— PROBLEM DETAILS —
Give back exactly the line containing "Medium 'Fendi Way'" and all that follow it in the data below, with the pictures left out.

— DATA TO EXAMINE —
——

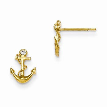 14k Yellow Gold CZ Childrens Anchor Post Earrings
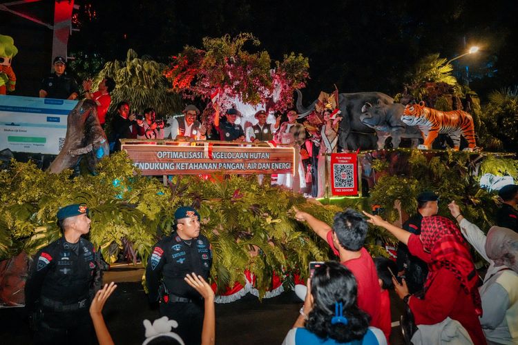 Menteri Kehutanan Raja Juli Antoni, Wakil Menteri Kehutanan Sulaiman Umar berada di atas Kendaraan hias tersebut bersama Menteri Lingkungan Hidup/Kepala Badan Pengendalian Lingungan Hidup Hanif Faisol Nurofiq dan Wakil Menteri Lingkungan Hidup Diaz Hendropriyono yang melaju dari Silang Monas hingga Simpang Semanggi, Jakarta, pada 17 Agustus 2025.
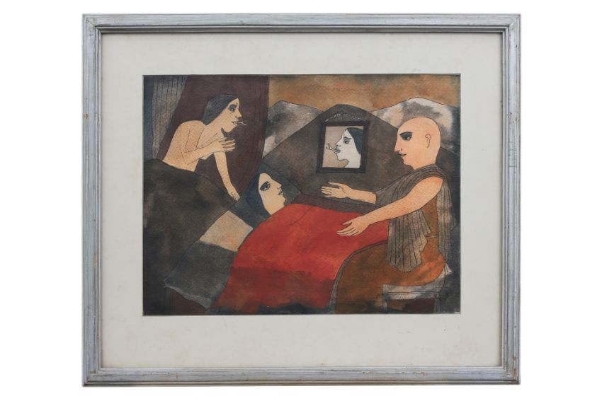 Watercolour on paper, initialled lower right
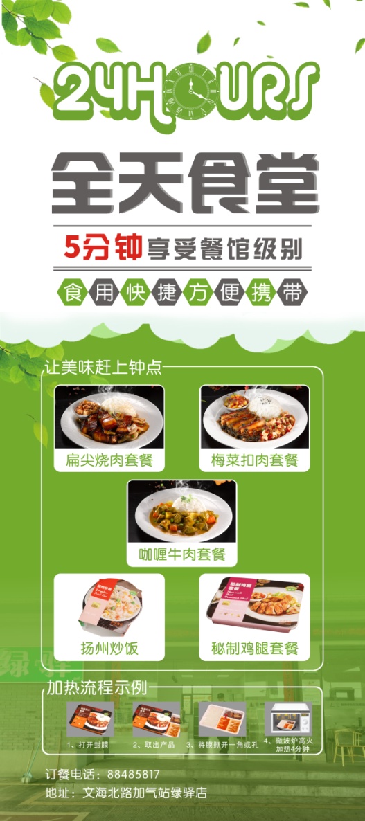 “24小时食堂”只需用时5分钟就可以让顾客享受餐馆级别的待遇,优点就是食用快捷还携带方便,目前有扁尖烧肉套餐、梅菜扣肉套餐、咖喱牛肉套餐、红烧鸡腿套餐还有扬州炒饭等多个掏槽。解决了司机师傅到饭点找不到吃饭的地方或者只能吃泡面、面包等来填饱肚子的难题,这一项服务的跟进大大增加杭城司机师傅的幸福感,归属感。吃饱饭,加油干,把驾驶员当做“家人”,每一个驾驶员背后就是一个人群,以一带十,以十带百,他们将是我们最好的宣传者。
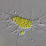 Amoebae flattened, branched with anastomosing pseudopodia. Pseudopodia with bi-directional streaming.
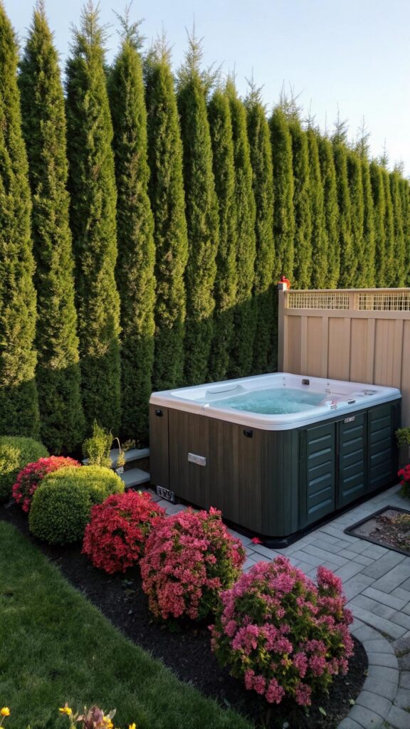 Planting a dense hedge around your hot tub provides natural screening. It creates a secluded and private space for relaxation.
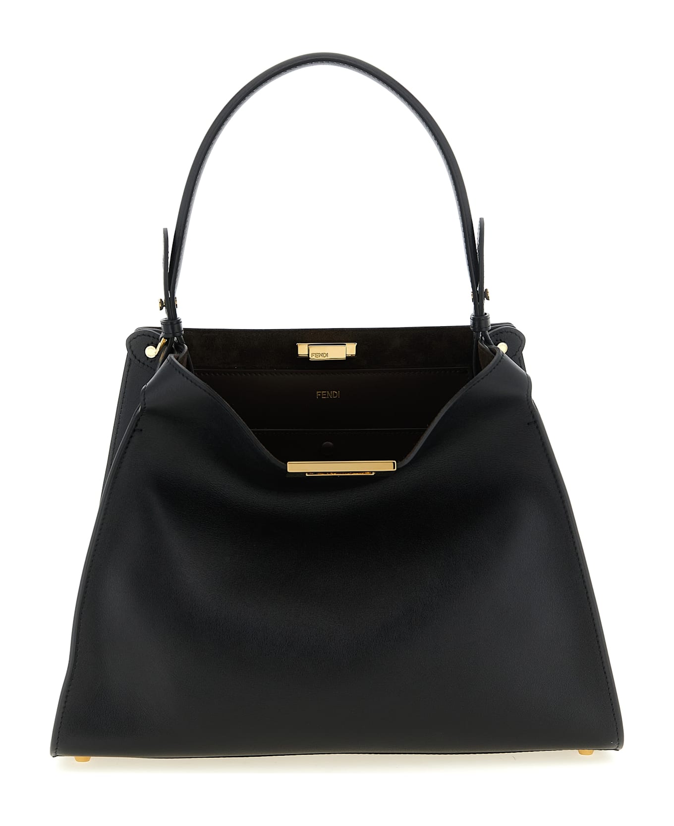 Medium 'Fendi Way' semi-gloss calf leather handbag with contrast suede lining, iconic metal swivel closure, adjustable handle, rigid base with metal feet. Composition: 100% calfskin leather (Bos Taurus)
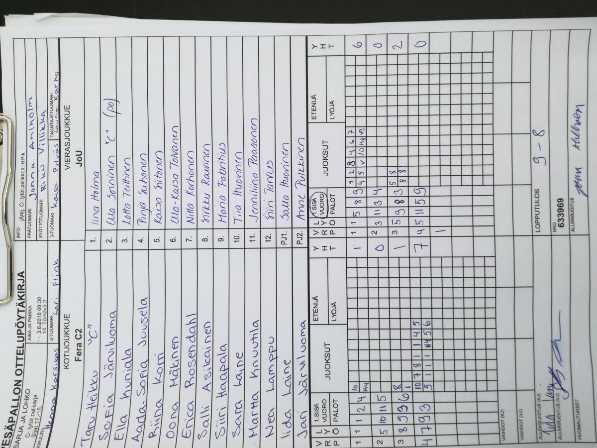 | 1.8.2018 13:00 | 1. Kotijoukkue Areena | Fera C2 | HP | 15-4 | näytä |
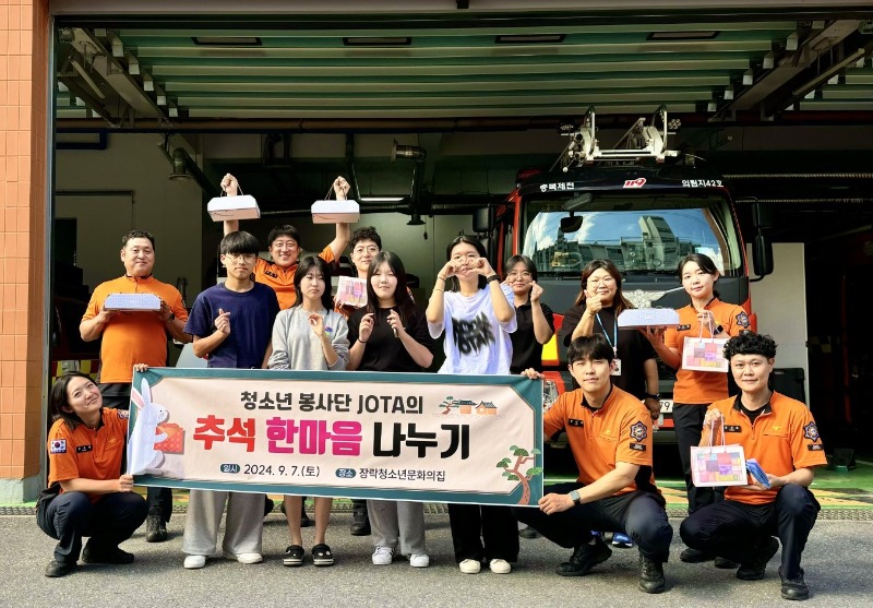 제천시 장락청소년문화의집(관장 김영수)은 9월 7일 청소년봉사단‘JOTA’와 함께 제천소방서를 방문하여 ‘추석 한마음 나누기’를 진행했다.
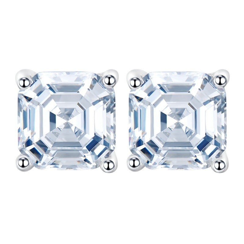 Urqanyu S925 silver simple 7mm pagoda flat simulated diamond four-claw square zirconia earrings
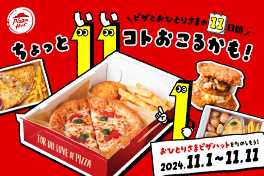 日本ピザハット株式会社(代表取締役社長:篠崎 幸男、本社:神奈川県横浜市、以下:ピザハット)が展開する世界最大級のピザチェーン「ピザハット」は、2024年11月1日(金)から「独身の日」として知られる11月11日(月)までの11日間限定で、「ちょっと11(いい)コトおこるかも!」キャンペーンを実施いたします!
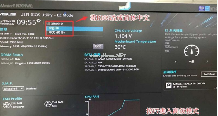 1、在開機的一瞬間,通常會顯示主板LOGO畫面,連續(xù)按Esc或F8進入Bios設置,將Bios改成簡體中文,最后按F7進入高級模式。

——

— RESULT —
 Medium 'Fendi Way' semi-gloss calf leather handbag with contrast suede lining, iconic metal swivel closure, adjustable handle, rigid base with metal feet. Composition: 100% calfskin leather (Bos Taurus)
 | 1.8.2018 13:00 | 1. Kotijoukkue Areena | Fera C2 | HP | 15-4 | näytä |
 제천시 장락청소년문화의집(관장 김영수)은 9월 7일 청소년봉사단‘JOTA’와 함께 제천소방서를 방문하여 ‘추석 한마음 나누기’를 진행했다.
 Urqanyu S925 silver simple 7mm pagoda flat simulated diamond four-claw square zirconia earrings
 日本ピザハット株式会社(代表取締役社長:篠崎 幸男、本社:神奈川県横浜市、以下:ピザハット)が展開する世界最大級のピザチェーン「ピザハット」は、2024年11月1日(金)から「独身の日」として知られる11月11日(月)までの11日間限定で、「ちょっと11(いい)コトおこるかも!」キャンペーンを実施いたします!
 1、在開機的一瞬間,通常會顯示主板LOGO畫面,連續(xù)按Esc或F8進入Bios設置,將Bios改成簡體中文,最后按F7進入高級模式。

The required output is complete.